- [YOUR ASSIGNMENT] Please give the lines below again exactly as they stand, from the one that contains "A타입의beanA라는 스프링 빈이" up to and including the one that contains "Бренд: onemix подошва: rebond", leaving all pictures out.

Start of RECORD SET

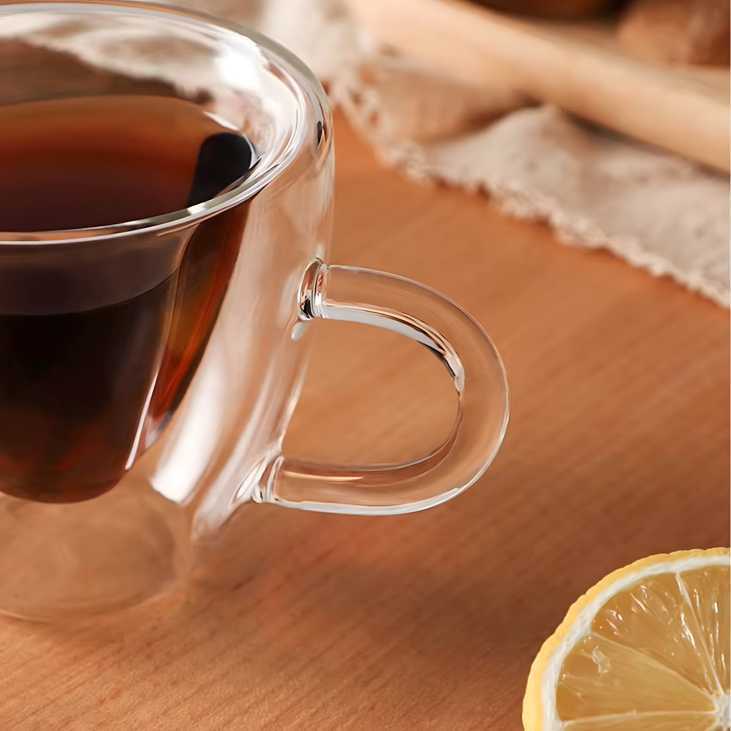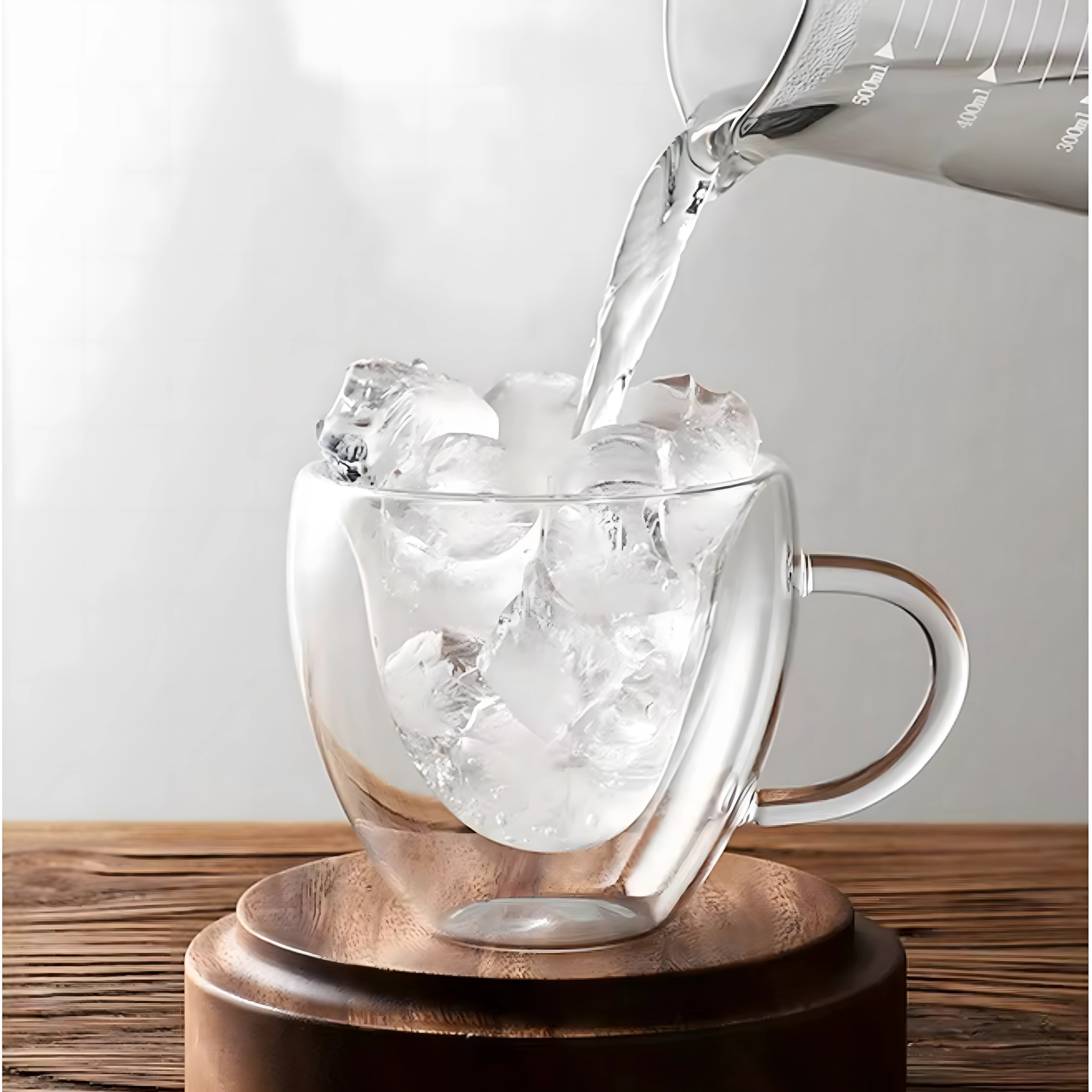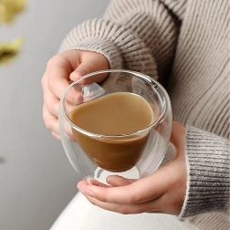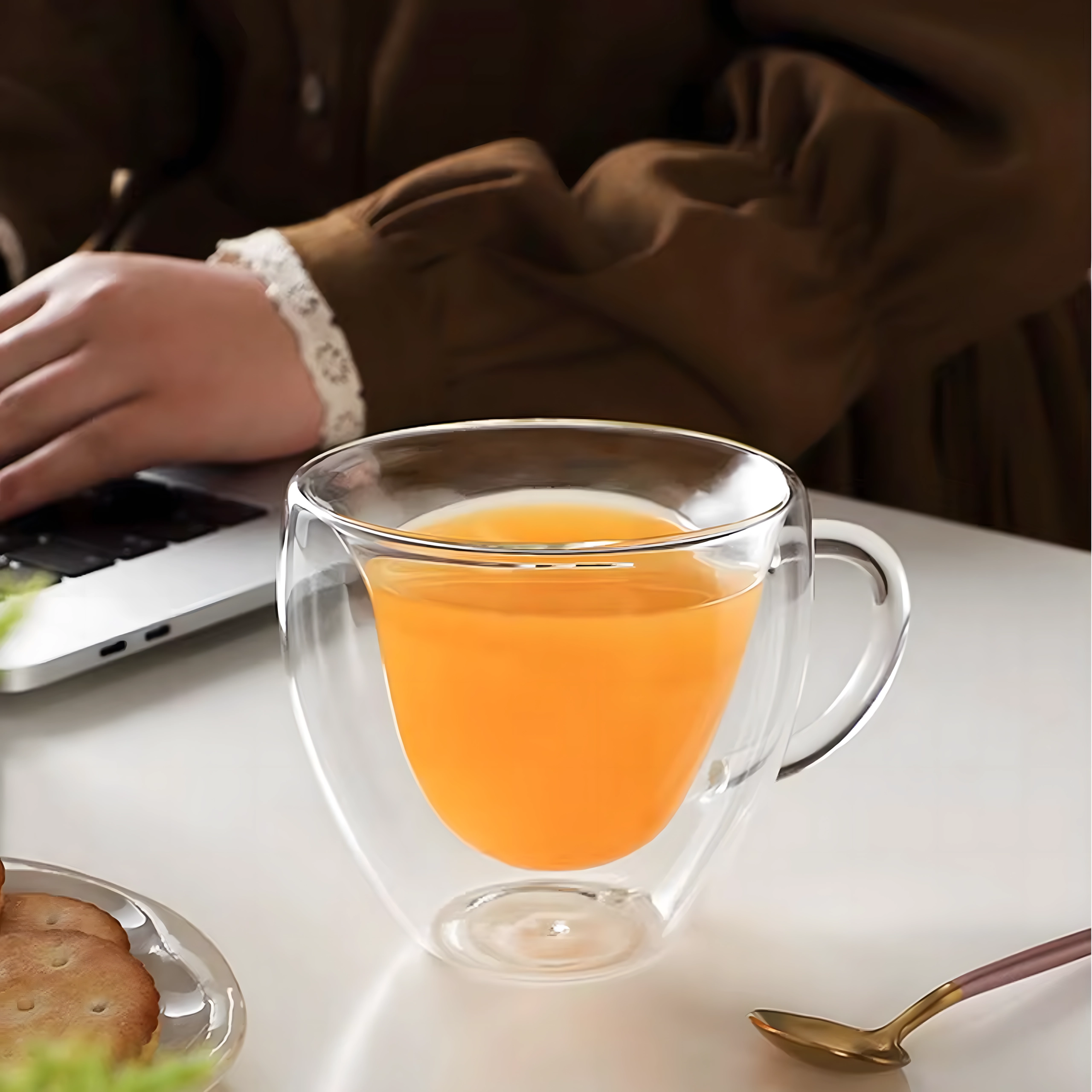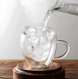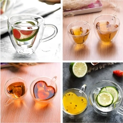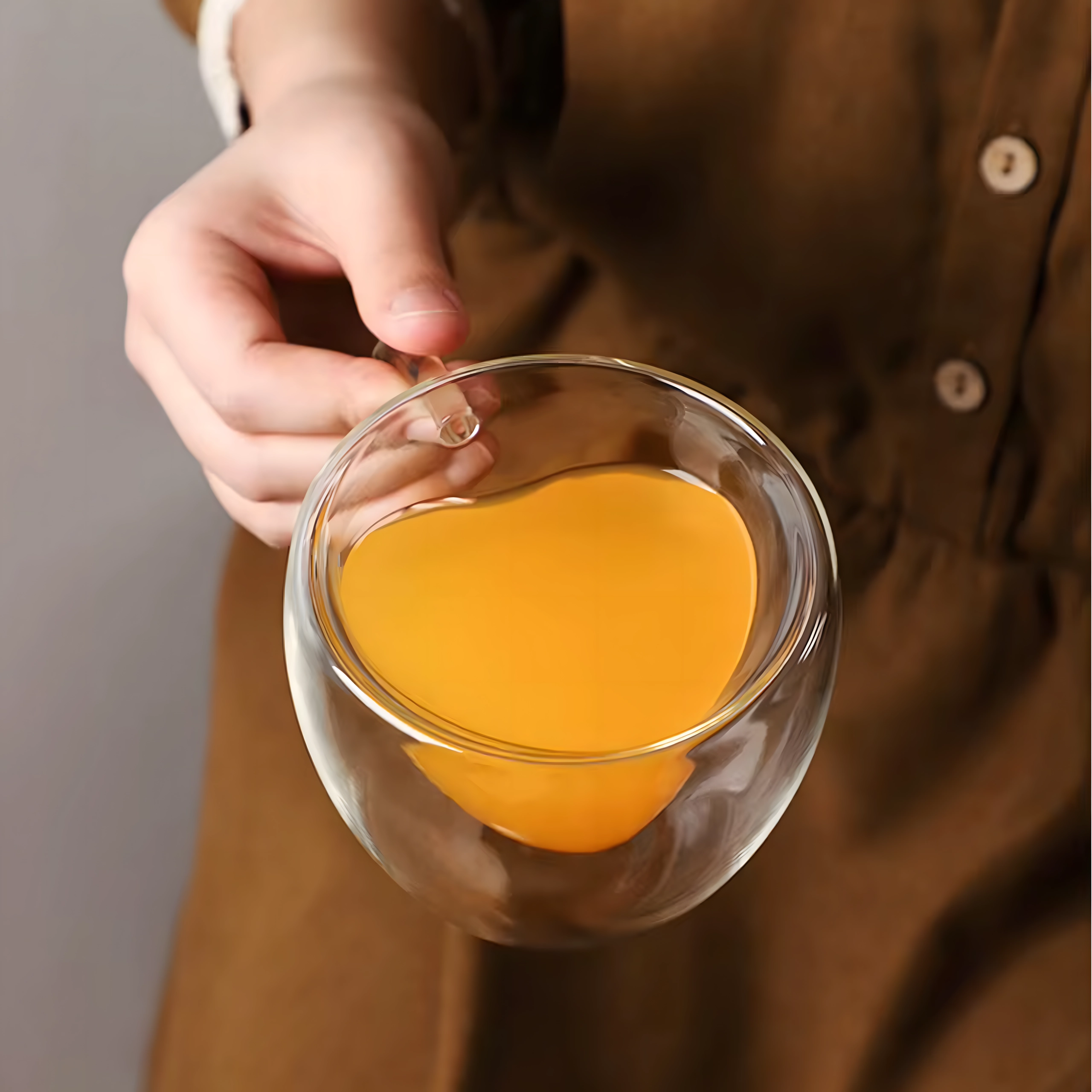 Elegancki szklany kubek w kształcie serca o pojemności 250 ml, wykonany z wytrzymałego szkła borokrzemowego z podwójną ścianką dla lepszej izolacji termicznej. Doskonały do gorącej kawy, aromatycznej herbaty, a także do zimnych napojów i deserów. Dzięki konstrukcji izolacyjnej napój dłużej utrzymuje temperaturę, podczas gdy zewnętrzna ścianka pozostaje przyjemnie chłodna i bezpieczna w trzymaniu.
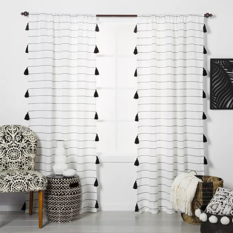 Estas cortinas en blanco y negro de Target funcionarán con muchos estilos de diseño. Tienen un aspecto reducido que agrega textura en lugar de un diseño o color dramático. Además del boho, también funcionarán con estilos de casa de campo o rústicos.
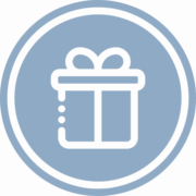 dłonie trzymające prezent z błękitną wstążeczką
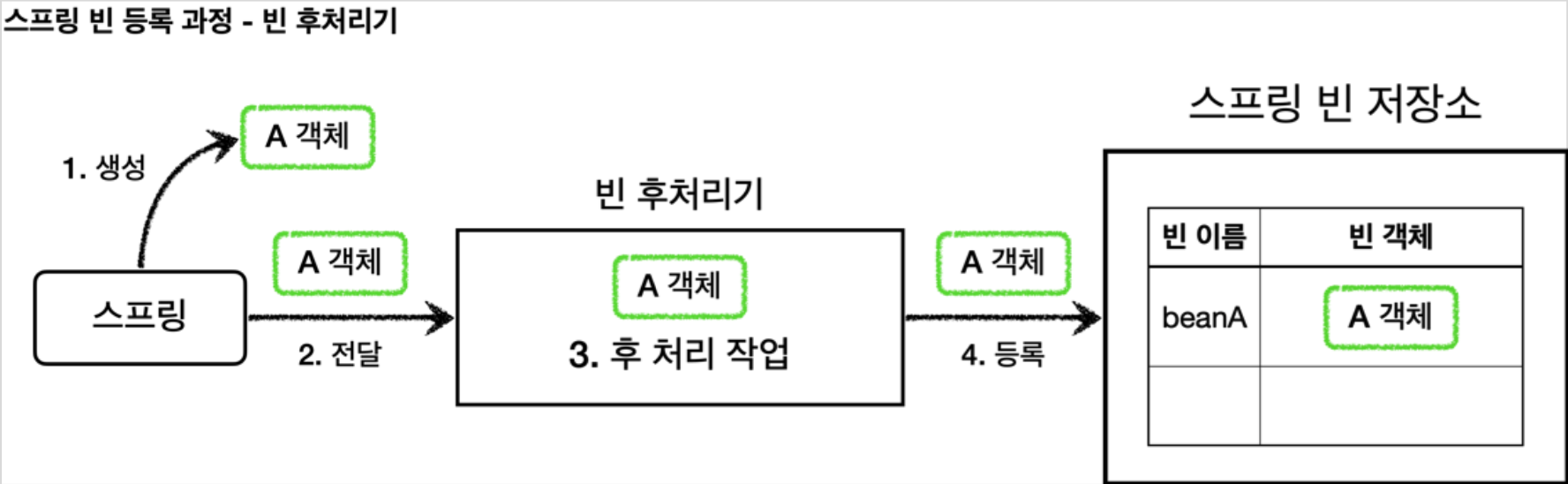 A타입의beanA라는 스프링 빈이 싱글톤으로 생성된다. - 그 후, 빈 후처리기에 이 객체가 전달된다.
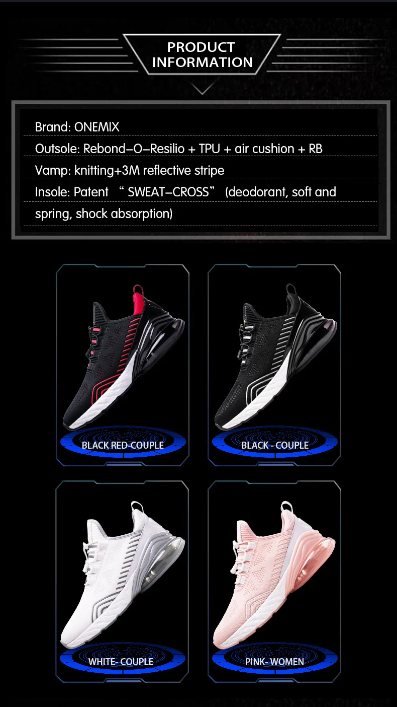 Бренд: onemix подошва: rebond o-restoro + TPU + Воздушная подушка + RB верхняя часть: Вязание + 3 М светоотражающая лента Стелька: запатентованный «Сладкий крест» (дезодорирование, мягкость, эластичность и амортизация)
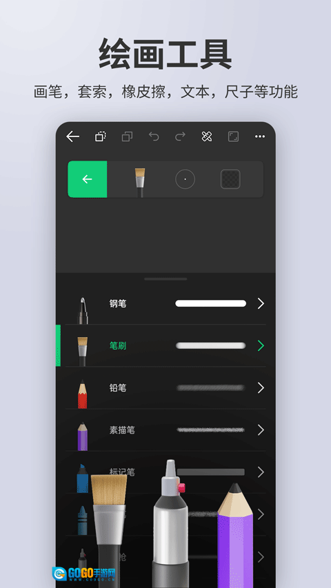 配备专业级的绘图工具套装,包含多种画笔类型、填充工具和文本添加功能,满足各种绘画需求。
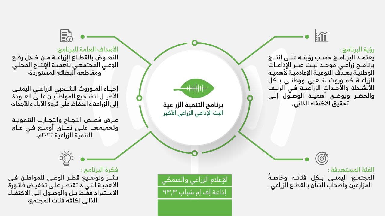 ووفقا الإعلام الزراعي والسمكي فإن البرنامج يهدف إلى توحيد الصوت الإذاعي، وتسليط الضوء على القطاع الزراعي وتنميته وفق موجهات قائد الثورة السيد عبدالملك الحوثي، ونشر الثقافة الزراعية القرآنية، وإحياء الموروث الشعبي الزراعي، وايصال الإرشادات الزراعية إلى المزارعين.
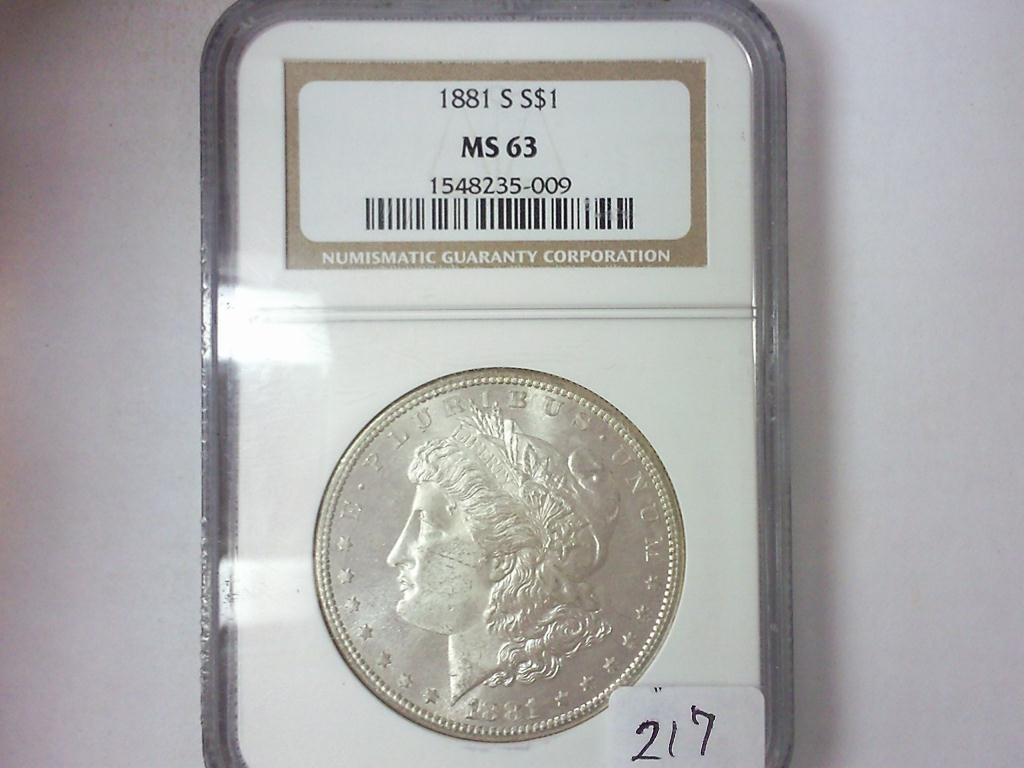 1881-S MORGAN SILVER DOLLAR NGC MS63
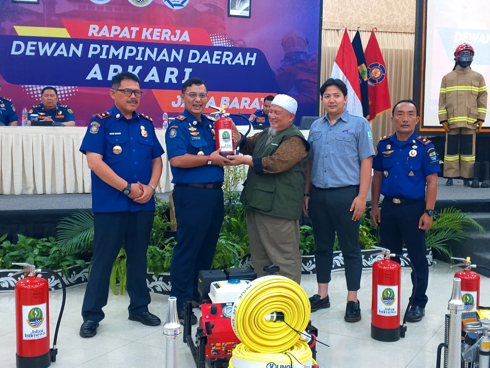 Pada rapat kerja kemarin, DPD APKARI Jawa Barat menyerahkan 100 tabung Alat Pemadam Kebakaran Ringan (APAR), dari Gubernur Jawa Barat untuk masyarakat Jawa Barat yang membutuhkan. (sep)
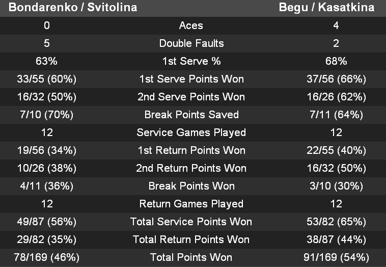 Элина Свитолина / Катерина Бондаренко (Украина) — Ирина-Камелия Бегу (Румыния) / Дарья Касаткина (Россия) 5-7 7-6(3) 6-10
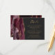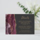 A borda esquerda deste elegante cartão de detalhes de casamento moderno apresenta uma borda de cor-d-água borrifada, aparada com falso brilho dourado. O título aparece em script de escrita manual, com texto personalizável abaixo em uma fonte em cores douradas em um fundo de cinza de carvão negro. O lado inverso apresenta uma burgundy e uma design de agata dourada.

End of RECORD SET

- [RESPONSE TO THIS TASK]
 A타입의beanA라는 스프링 빈이 싱글톤으로 생성된다. - 그 후, 빈 후처리기에 이 객체가 전달된다.
 Бренд: onemix подошва: rebond o-restoro + TPU + Воздушная подушка + RB верхняя часть: Вязание + 3 М светоотражающая лента Стелька: запатентованный «Сладкий крест» (дезодорирование, мягкость, эластичность и амортизация)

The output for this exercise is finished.